They do, it’s grouping those operations to say that they have the same precedence. Without them it implies you always do addition before subtraction, for example.
They do, it’s grouping those operations to say that they have the same precedence
They don’t. It’s irrelevant that they have the same priority. MD and DM are both correct, and AS and SA are both correct. 2+3-1=4 is correct, -1+3+2=4 is correct.
Without them it implies you always do addition before subtraction, for example
And there’s absolutely nothing wrong with doing that, for example. You still always get the correct answer 🙄
Uh, no. I don’t think you’ve thought this through, or you’re just using (AS) without realizing it. Conversations around operator precedence can cause real differences in how expressions are evaluated and if you think everyone else is just being pedantic or is confused then you might not underatand it yourself.
Take for example the expression 3-2+1.
With (AS), 3-2+1 = (3-2)+1 = 1+1 = 2. This is what you would expect, since we do generally agree to evaluate addition and subtraction with the same precedence left-to-right.
With SA, the evaluation is the same, and you get the same answer. No issue there for this expression.

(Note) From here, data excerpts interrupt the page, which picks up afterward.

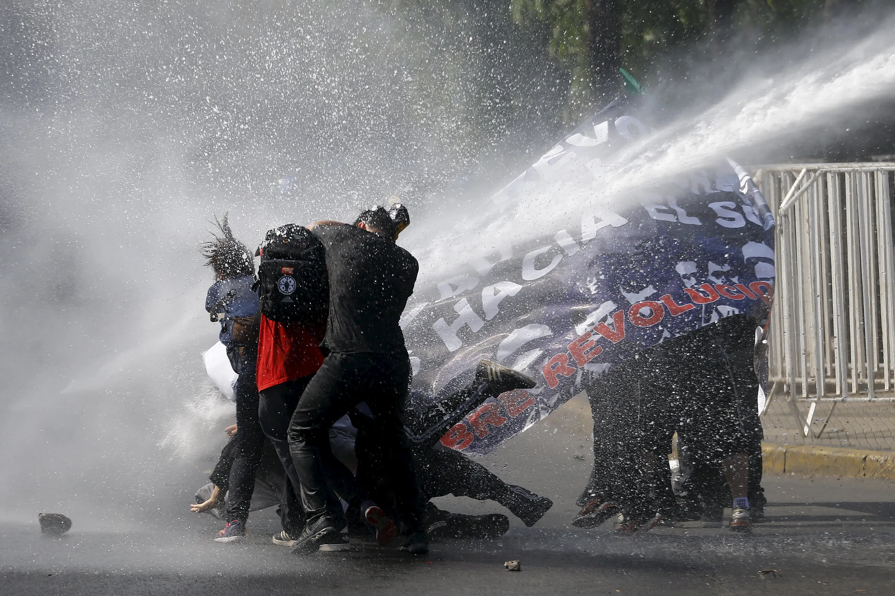 Protesters are hit by a jet of water released from a riot police vehicle during a demonstration against the government to demand changes in the education system at Santiago, April 16, 2015. (Photo by Ivan Alvarado/Reuters)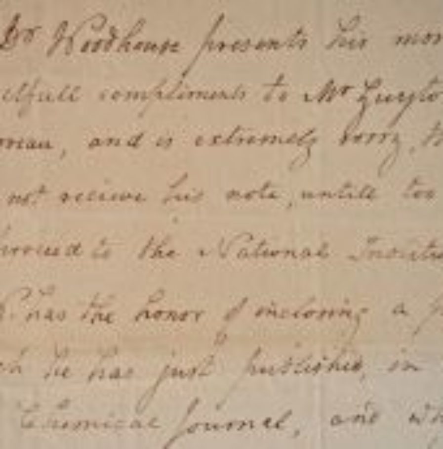 James Woodhouse adresse ses compliments à Guyton de Morveau et se désole qu'il n'ait pas reçu sa note destinée à l'Institut. "Dr W. has the honor of inclusing a paper which he has just published in Nicholsons Chemical Journal, and which contains some ideas, contrary to those, generally received".
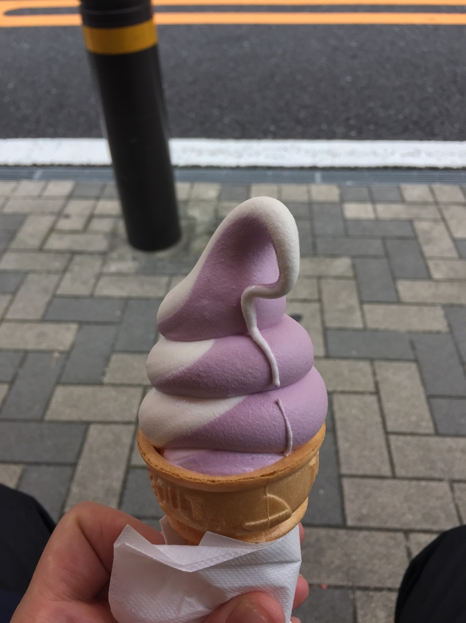 日替わりのフレーバーとバニラのソフトクリームのミックスがオススメです。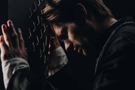 young tense catholic priest with closed eyes leaning on confessional grille in dark with rays of light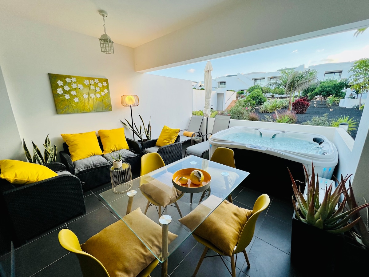 Nice independent villa in Playa Blanca. At the foot of the Montaña Roja volcano, quiet and facing south. Tropical garden on black volcanic scoria and swimming pool heated to 28°C. Outdoor shower. 2 covered terraces with garden furniture, deckchairs, Balinese bed and covered outdoor dining area. Private parking. Entrance, large living room, well-equipped kitchen, 1 en-suite bedroom with marble bathroom and dressing, 1 double bedroom with dressing and marble bathroom 50Mbps WiFi, Smart TV 55th.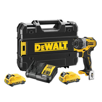 The Dewalt 12V XR Brushless Sub-Compact Screwdriver with 2 x 2Ah batteries is ideal for professional and DIY use. It has an ergonomically designed handle and is lightweight which provides the user with optimum comfort and control. Fitted with a brushless motor to offer a better runtime, improved torque and a longer life. The size of this unit is key as its compact length allows access to tight spaces which can help tremendously in the workplace it also has a Drop and Load Bit holder so it can be used one handed and the Bright LED ring assists visibility in lower lighting. To prevent running out of charge during a job this tool has a state of charge indicator, included with 2 x 2Ah batteries so you have plenty of life to get the job done.

But with AS, 3-2+1 = 3-(2+1) = 3-3 = 0. So evaluating addition with higher precedence rather than equal precedence yields a different answer.
=====
Some other pedantic notes you may find interesting:
There is no “correct answer” to an expression without defining the order of operations on that expression. Addition, subtraction, etc. are mathematical necessities that must work the way they do. But PE(MD)(AS) is something we made up; there is no actual reason why that must be the operator precedence rule we use, and this is what causes issues with communicating about these things. People don’t realize that writing mathematical expressions out using operator symbols and applying PE(MD)(AS) to evaluate that expression is a choice, an arbitrary decision we made, rather than something fundamental like most everything else they were taught in math class. See also Reverse Polish Notation.
Your second example, -1+3+2=4, actually opens up an interesting can of worms. Is negation a different operation than subtraction? You can define it that way. Some people do this, with a smaller, slightly higher subtraction sign before a number indicating negation. Formal definitions sometimes do this too, because operators typically have a set number of arguments, so subtraction is a-b and negation is -c. This avoids issues with expressions starting with a negative number being technically invalid for a two-argument definition of subtraction. Alternatively, you can also define -1 as a single symbol that indicates negative one, not as a negation operation followed by a positive one. These distinctions are for the most part pedantic formalities, but without them you could argue that -1+3+2 evaluated with addition having a higher precedence than subtraction is -(1+3+2) = -6. Defining negation as a separate operation with higher precedence than addition or subtraction, or just saying it’s subtraction and all subtraction has higher prexedence than addition, or saying that -1 is a single symbol, all instead give you your expected answer of 4. Isn’t that interesting?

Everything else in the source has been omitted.